2. Physical and Mechanical Properties (on Cured Rubber):
   • Hardness (Shore A or D) (ASTM D2240): Measures the resistance of the rubber to indentation. This is critical for shoe soles for comfort, grip, and durability.
   • Tensile Strength and Elongation at Break (ASTM D412): Measures the maximum stress the material can withstand before breaking and how much it can stretch before breaking. Essential for the durability and flexibility of the shoe.
   • Tear Strength (ASTM D624): Measures the resistance of the rubber to tearing. Important for preventing rips and prolonging the life of the shoe, especially in areas subjected to stress.
   • Abrasion Resistance (ASTM D1630): Measures the rubber’s resistance to wear caused by rubbing or friction. Highly relevant for shoe outsoles that experience constant contact with surfaces.
   • Resilience/Rebound (ASTM D2632): Measures the ability of the rubber to return to its original shape after deformation. Important for energy return and shock absorption in shoes.
   • Compression Set (ASTM D395): Measures the permanent deformation of rubber after being subjected to a compressive force for a period. Relevant for cushioning and maintaining the shape of shoe components.
3. Aging Properties:
   • Accelerated Aging (Heat Aging) (ASTM D573): Samples are exposed to elevated temperatures for a defined period to simulate long-term aging. After aging, the mechanical properties (tensile strength, elongation, hardness) are re-measured and compared to unaged samples to assess the effectiveness of antioxidants.
   • Ozone Resistance (ASTM D1149): Samples are exposed to a controlled ozone environment under static or dynamic conditions.

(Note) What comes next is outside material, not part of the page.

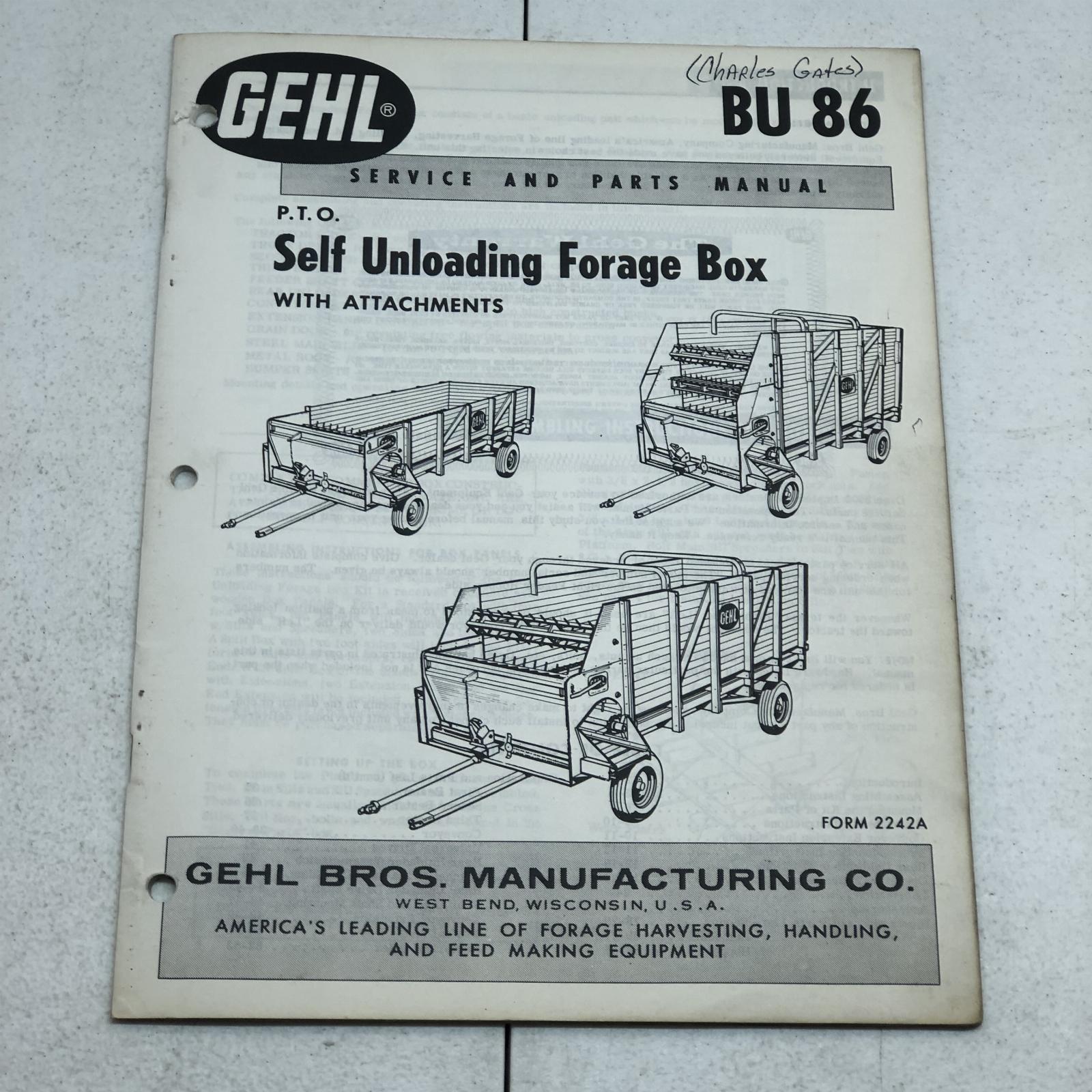Gehl BU86 Pto Self Unloading Forage Box Service Parts Manual

The time to crack formation and the severity of cracking are observed to assess the effectiveness of antiozonants. This is crucial for outdoor footwear.
4. Density/Specific Gravity (ASTM D792): Measures the density of the rubber compound. This helps in quality control to ensure consistency in the mix and detect any variations in filler content.
5. Chemical Composition (less frequent for every batch but important for new formulations):
   • Thermogravimetric Analysis (TGA): Determines the composition of the rubber compound by measuring weight loss as a function of temperature, identifying the amount of polymer, carbon black, fillers, etc.
   • Fourier-Transform Infrared Spectroscopy (FTIR): Identifies the types of polymers and additives present in the compound.

By performing these tests before batch production, manufacturers can ensure that the rubber compound has the desired properties for shoe production, leading to consistent quality, performance, and durability of the final footwear products.